The memoir was supposed to start at the bottom. Rock bottom. Chapter One: Collapse With Good Lighting. But the real bottom was slippery, and I’d learned early that structure was more important than truth. Truth was a mood. Structure sold books.
The working title: Still Pretty: The Story of My Survival (Even If You Didn’t Ask for It).
I’d written twenty versions of the prologue. All of them started with a version of “I never thought I’d be here.”
Bullshit. I absolutely thought I’d be here. I’d packed for it. I’d scheduled the breakdown around my cycle and two podcast tapings.
The second version started with the arrest. The third started with Cass. The fourth with a bathroom floor and a dry heave and a man I only remembered because he left his watch on the soap dish.
But this one?
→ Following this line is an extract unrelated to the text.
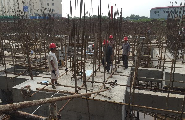 現(xiàn)場指揮部總指揮謝總工帶我們參觀了現(xiàn)場并大概介紹了各個棟號施工進(jìn)度等方面的情況。我們首先進(jìn)入16#樓施工現(xiàn)場,該棟號的項目經(jīng)理徐斌親自現(xiàn)場督促,施工現(xiàn)場緊鑼密鼓的進(jìn)行基礎(chǔ)承臺柱墻的鋼筋綁扎工作。剛剛完成的現(xiàn)澆混凝土承臺及承臺梁整體觀感好,整潔干凈、規(guī)范美觀。據(jù)謝總工介紹施工人員在混凝土澆筑時,先攤平振搗密實,然后用抹子抹平,緊接著再用掃帚在已抹好的面層上輕輕掃一遍,再用薄膜覆蓋住才能達(dá)到好的效果。承臺上正在綁扎鋼筋的墻柱,每個樣板上都張貼著相應(yīng)的構(gòu)件尺寸及鋼筋信息,便于檢查核對和施工操作,體現(xiàn)出該工程現(xiàn)場施工人員嚴(yán)謹(jǐn)認(rèn)真的工作態(tài)度。

This one was the one I’d write for real. Or real enough to fool the editors.
I shifted, cracked my neck..
Dear reader, I write, then erased it. Too condescending. Too blog.
I tried again.
Maybe you’re reading this because you saw the video. Maybe you’re wondering if I’m really like that. The answer is yes. And no. And sometimes only when it hurts enough to make good content.
From the other bed, Trix stirred. She mumbled something about goats and betrayal, then settled. I slid the phone under my pillow. The succulent on the desk had curled toward the window like it didn’t trust the dark.
I didn’t sleep.
Instead, I rehearsed my entrance for group.
Three seconds late.
Eyes red, but not wet.
Posture apologetic with a hint of bravado.
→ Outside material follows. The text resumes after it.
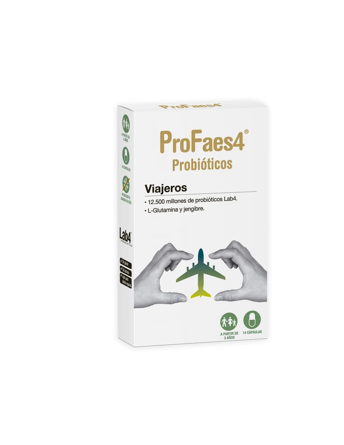 ProFaes4® Viajeros es un complemento alimenticio que combina probióticos del consorcio Lab4 con L-glutamina y jengibre, especialmente formulado para acompañar periodos de cambios en la alimentación, horarios o rutinas, como los viajes.

I’d tell the truth. Just not all of it.
I’d tell it beautifully.
That would be enough.
It always had been.
I woke up with the kind of dry mouth usually reserved for hangovers or Vicodin. Light knifed through the blinds like it had a personal vendetta. The quilt had migrated to the floor sometime in the night, and my pillow smelled faintly like lavender dryer sheets. Across the room, Trix was sitting upright, legs folded pretzel-style, flicking a lighter on and off like it owed her money.
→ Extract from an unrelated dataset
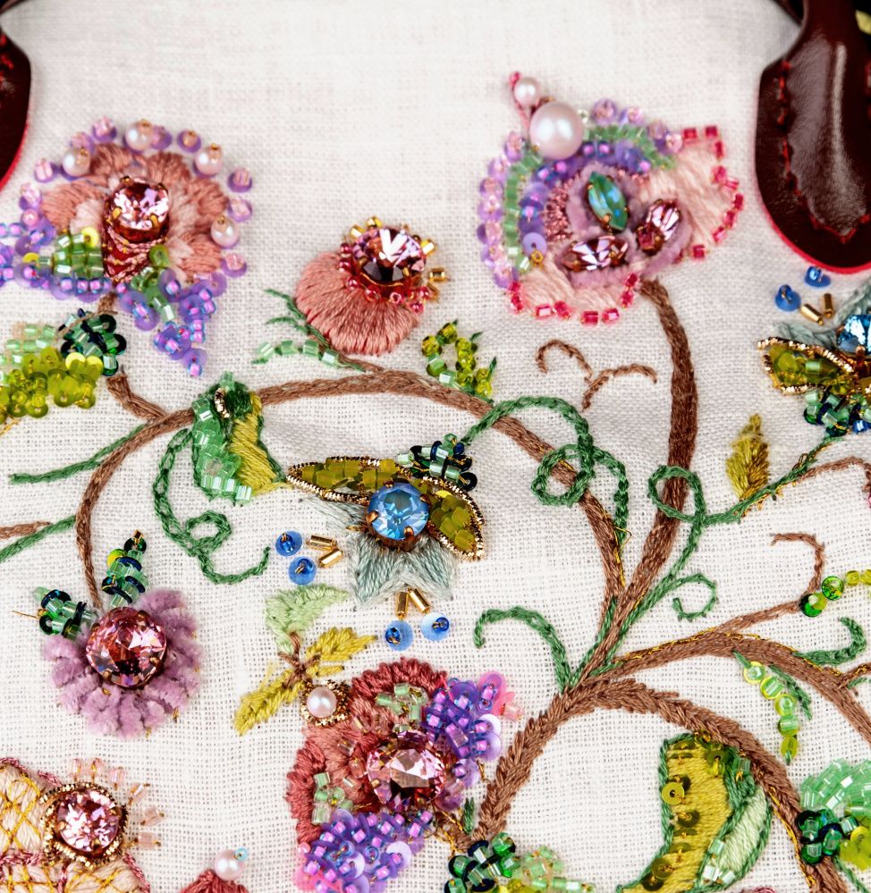 Моя сумочка была придумана специально для конкурса « Новые грани сияния» и создана показать красоту кристаллов из последней коллекции. Основной мыслью было раскрыть сияние кристаллов на фоне нитей для вышивки и натуральных тканей. В мире, который стремиться к природе в моду прочно вошли такие натуральные ткани , как лен, из которого и сшита моя сумочка. А традиционная ручная вышивка делает вещь самобытной. Кристаллы же в свою очередь добавляют нарядности, яркости, игры красок .

“Morning, sunshine,” she said without looking.
“Was it?” I croaked.
She stopped clicking the lighter long enough to point at the bulletin board by the door. Someone had pinned a laminated schedule to it, probably with the same sterile optimism they use to decorate pediatric oncology wards.
Sunshadow Wellness Daily Rhythm
Mindful Movement – 7:30 AM
Breakfast – 8:00 AM (Organic, Plant-Based, Seasonal)
Group Session – 9:30 AM
Individual Therapy – Slotted
Healing Through Creativity – 11:00 AM
Lunch – 12:30 PM
Gratitude Circle – 2:00 PM
DBT Skills or Guided Journaling – 4:00 PM
Dinner – 6:00 PM
Evening Reflection – 8:00 PM
It looked less like a treatment plan and more like the itinerary of a cult that hadn’t quite decided if it was wellness or multi-level marketing.
“What time is it?” I asked.
“Late enough to miss the quinoa muffins but early enough for group,” Trix said. She was braiding her hair with what looked like dental floss. “They’ll come looking if you don’t show.”
I sat up slowly. My body felt like it had been rented out to someone heavier and angrier overnight. “You don’t go to group?”
“No. They gave me a pass.”
I blinked. “For therapeutic reasons?”
“Nope. I’m allergic to public vulnerability.” She yawned, sharp and casual. “Also, I broke someone’s nose last week.”
She stood and shoved her feet into the same unlaced combat boots from last night. One of them squeaked.
“Group’s in the solarium. Plants, sunlight, forced intimacy. You'll hate it.” She opened the door and paused, hand on the frame.